Quando l’attenzione si concentra lentamente su Jake, ci rendiamo conto che la storia ha un lato molto più oscuro. Il timido – e vergine – del gruppo, che si mette due soldi da parte facendo il babysitter, sta cedendo alle pressioni dei coetanei Kyle e Jarred circa la sua inattività sessuale e sembra sul punto di raggiungere il punto di rottura.

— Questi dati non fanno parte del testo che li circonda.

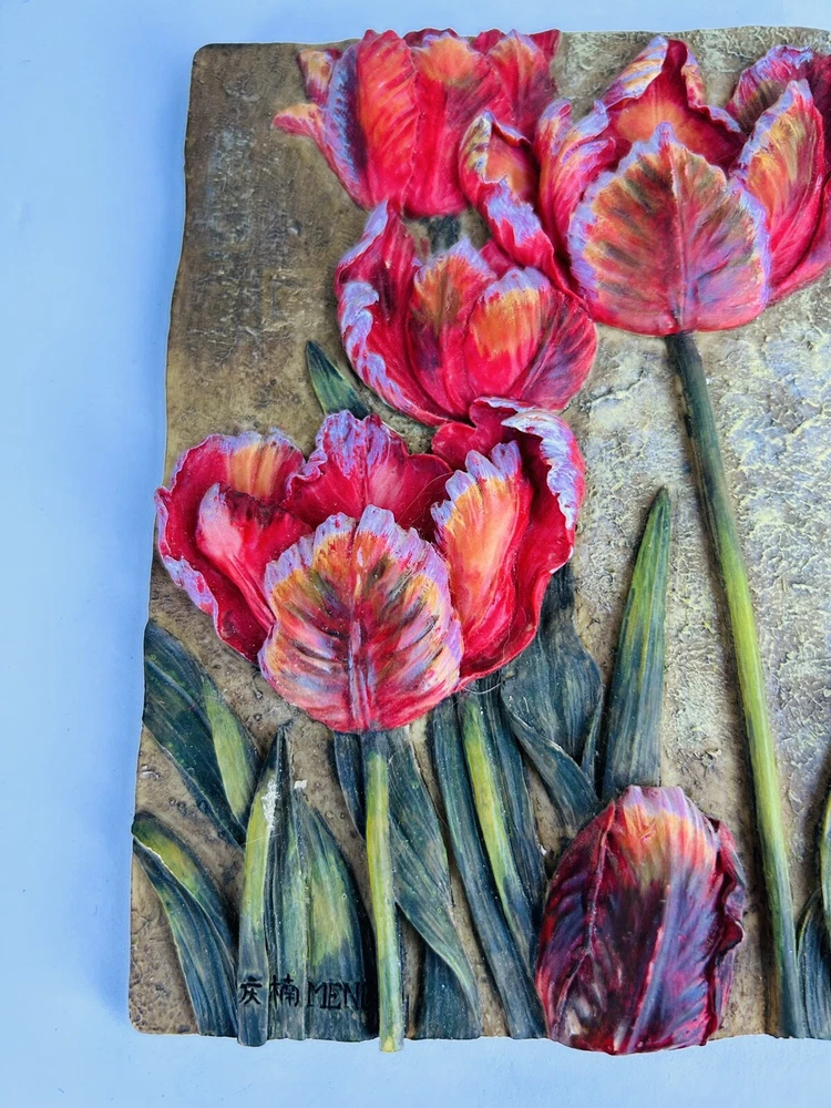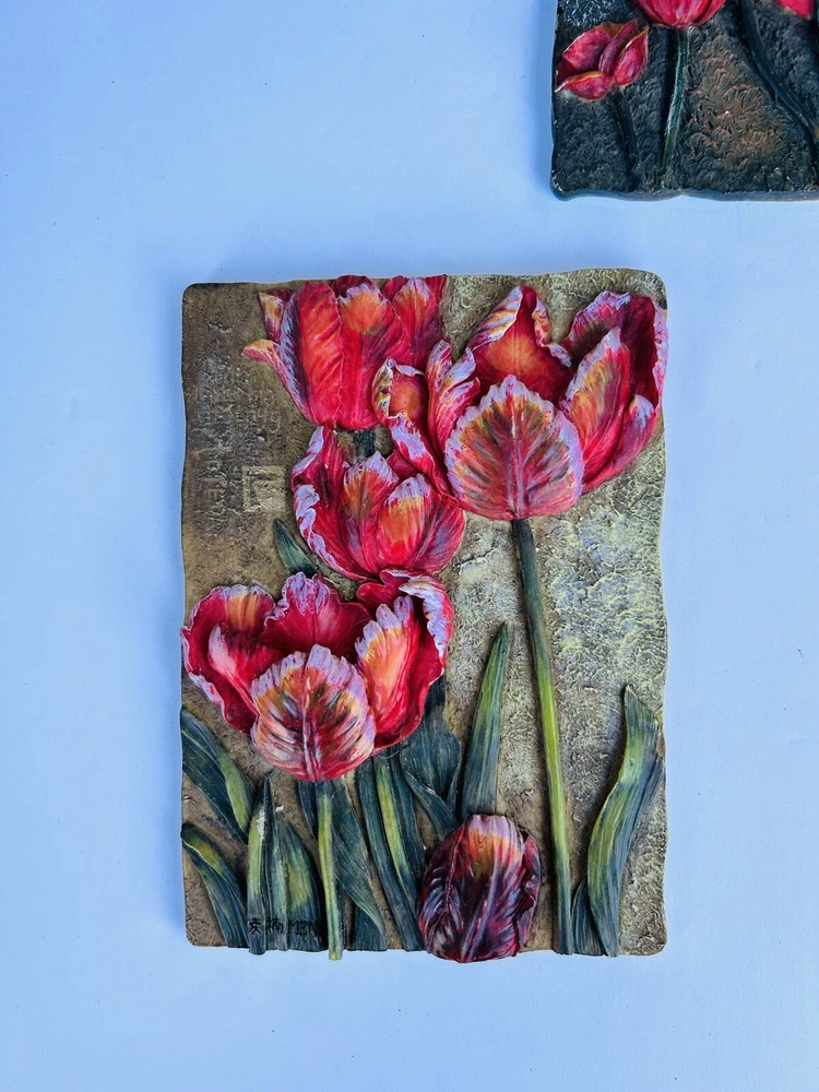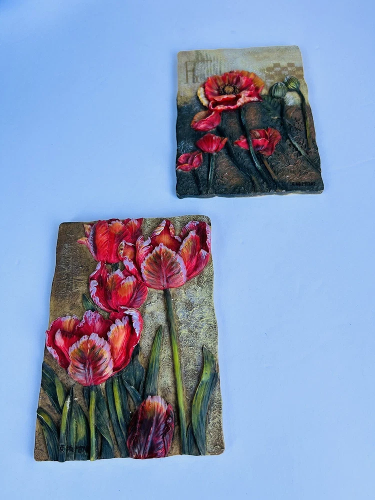 Vintage 3D Wall Plaque Picture Art Floral  6.25" x 4.5" by MENG Set of 2

Un indizio forse non necessario, in principio, sommato al suo vizio di spiare i suoi vicini di casa (la liceale Zara, interpretata da Rosie Day, anche se la sua attenzione è rivolta più su sua sorella piccola), indicano ben presto quale sia il suo vero tormento, e anche se non ha nulla a che fare con la sua verginità, è qualcosa di completamente insolito in materia di difficoltà di maturazione sessuale.

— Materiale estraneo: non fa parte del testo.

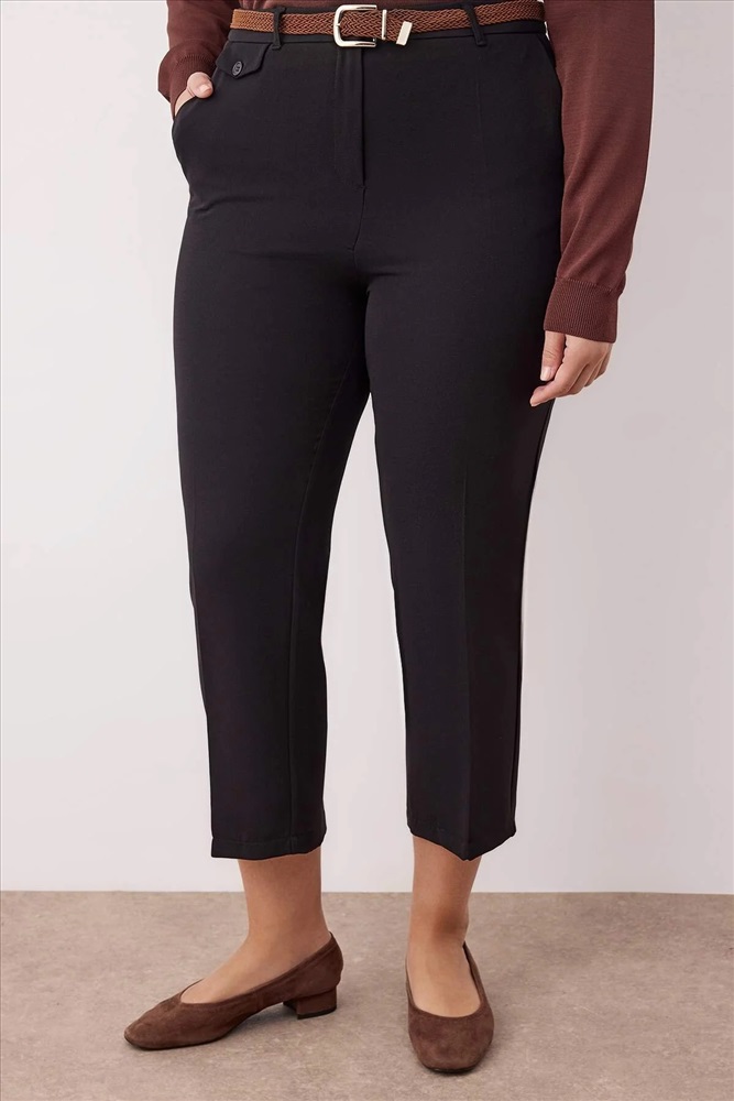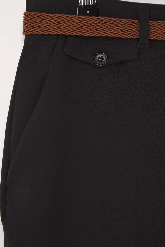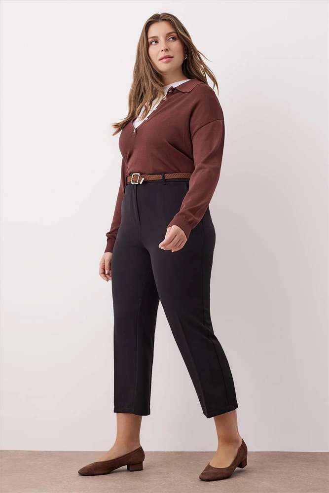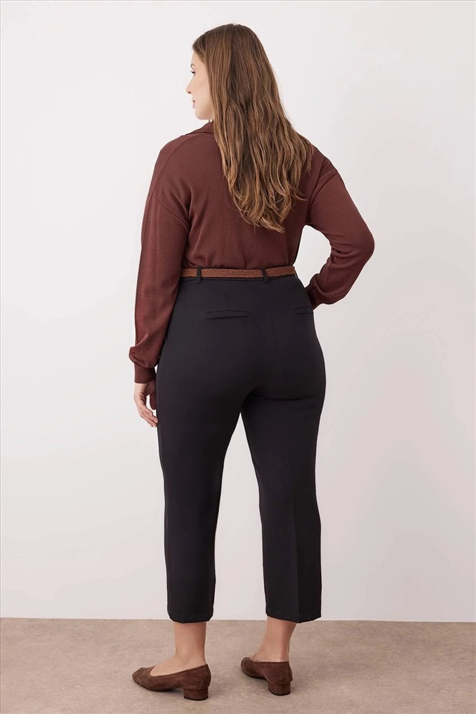 Siyah Normal Bel Boru Paça Büyük Beden Dokuma Pantolon TBBAW26AR00015

Uno degli aspetti più forti del film è la performance degli attori. Stevenson dà a Jake una silenziosa intensità e crea un’empatia che sarebbe difficile ottenere in un film sullo stesso tema ma con un approccio più diretto. Aggiunge un livello ulteriore, cruciale, al film, mentre Whiting e Lyons hanno occasione di spiccare al momento della rivelazione finale, la scena più forte di Butterfly Kisses. La presenza di Turgoose non passa inosservata, offrendo momenti di comicità che umanizzano sia la storia che i personaggi.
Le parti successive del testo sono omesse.